Avant le dîner, nous avons bu un cocktail de ceux qui ouvrent l’appétit. Si vous voulez un apéritif, foncez sur le Gilda Club, avec gin, fino, piparra, soda à l’olive et citron. Pour les amateurs du Mexique il y a Lúcido, avec mezcal, tequila et citron vert, pour les amateurs du Brésil le Recife, avec cachaça lavée au coco, chontaduro et citron kaffir, et pour les amateurs du Japon l’Anzu, à base de whisky Toki, shochu, abricot, miso et sésame noir. Il y en a d’autres, bien sûr. Tous servis dans une verrerie NudeGlass. Et on le remarque.

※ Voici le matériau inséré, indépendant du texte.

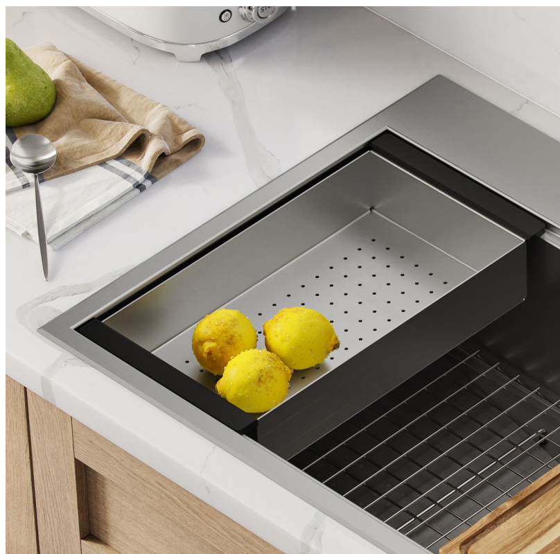
Passeoire en acier inoxydable pour évier Station de travail (CS-6)

Les débouchages ici sont amusants, mais ils les prennent très au sérieux. Et c’est que le créateur de TonTon, Bosco Suárez de Puga, aux côtés de Nelsy Cedeño, sommelier et chef de salle, et de Nico, le chef, misent sur des vins naturels, biologiques et peu interventionnistes, ainsi que sur des domaines petits et d’auteur. À sa cave on l’appelle Tonton Ça Va, beau jeu de mots, et elle regorge d’étiquettes françaises (beaucoup) entre Beaujolais, Pinot Noirs et Jura. Également les italiennes, allemandes et, bien sûr, espagnoles, avec des références de zones émergentes comme Arribes del Duero (ce Puesta en Chus de Frontio), Ávila (celle de Rubén Díaz) et Toledo, d’où proviennent Los Conejos Malditos, celui que nous avons bu cette nuit. Les prix vont de 35 à 135 €.
Il y a une chose (de plus belle) ici : sur la carte, on vous dit qui sont les producteurs, les fournisseurs, les cuisiniers et les serveurs, pour que vous vous souveniez d’eux, pour les remercier ou aller les voir. Bien joué : pain et brioche d’Alma / légumes de Sapiens / fromage et produits laitiers de Brie Alto / la volaille des Hnos. Gómez Ortiz / poisson et fruits de mer de O’Percebeiro / glaces de Campo a Través / vins peu interventionnistes / ils vous ont cuisiné Geno, Lélia, Minjal, Sam et Nico avec beaucoup d’amour / ils vous ont servi Yoni, Cristina, Nelsy, Greg et Bosco avec beaucoup d’amour aussi ♥.